Havant dentist Amir Moughadam, 56.

Mr Moughadam said: ‘The CQC told me they really appreciate what I’m doing but said they weren’t asking me, but telling me, I have to close because every dentist has to.

‘I bought the equipment and I got the volunteers because I felt like my job was to help my country at this difficult time – I don’t care about the money.

‘But at the end of the day, everybody has a boss and mine is the CQC.

‘I’m a very small part in a big machine and they have their reasons. I respect that.’

Mr Moughadam, a registered dentist since 1994, is not fighting the decision but said it left him ‘disappointed for patients in pain’.

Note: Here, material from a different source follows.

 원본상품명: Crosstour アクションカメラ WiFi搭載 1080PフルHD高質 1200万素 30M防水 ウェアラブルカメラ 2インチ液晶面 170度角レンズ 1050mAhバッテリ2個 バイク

Patients who attended his practice for emergency care, he said, included a charge nurse, a mum-of-four and a heavily pregnant woman left in tears because of the pain she was experiencing.

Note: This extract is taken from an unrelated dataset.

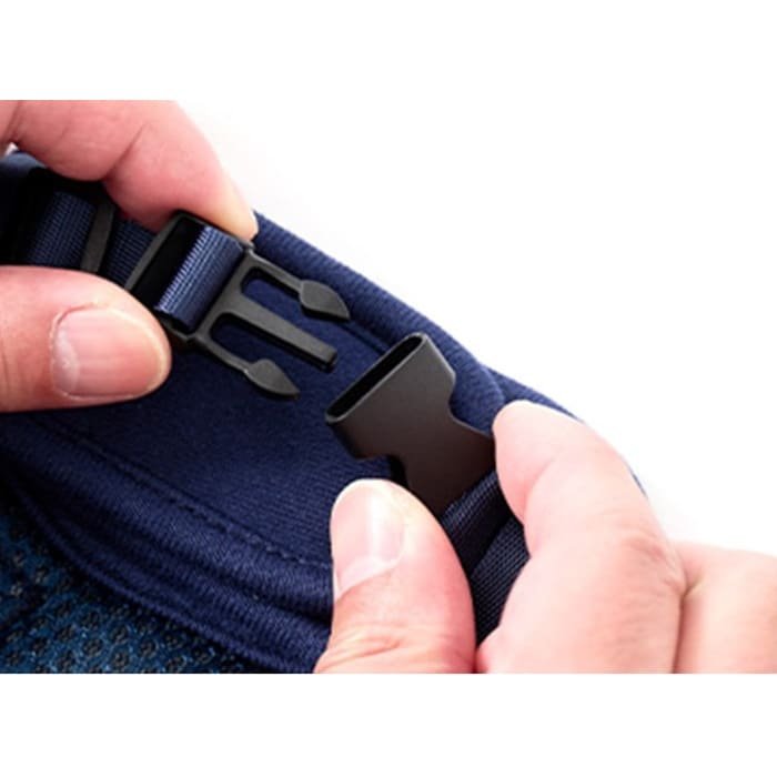 首元のバックルと合わせ、二重に体を固定することができます。

‘Anyone who has had dental pain will know it’s the worst kind and so many people can’t get through to 111 at the moment because our NHS is so busy,' he said.

‘But, even though we are closed, the good news is we got 28 people out of pain and we now have thousands of pieces of protective equipment that will help the NHS.’

John Milne, the CQC’s senior national professional advisor for dentistry, said: ‘Dentists have been advised by the chief dental officer to only provide telephone advice and prescriptions where appropriate.

‘The smaller number of patients needing more active treatment should be referred to urgent treatment centres.

‘These measures support government advice for the public to stay at home to reduce infection risks.’

An NHS England and NHS Improvement South East spokeswoman added: ‘If a patient needs urgent dental care they should continue to call their dental practice as normal who are able to provide advice, analgesia and anti-microbials where appropriate.

‘National advice is that dental treatment should not be carried out unless absolutely necessary.

‘If needed dentists can refer patients to urgent care centres that are currently being established.’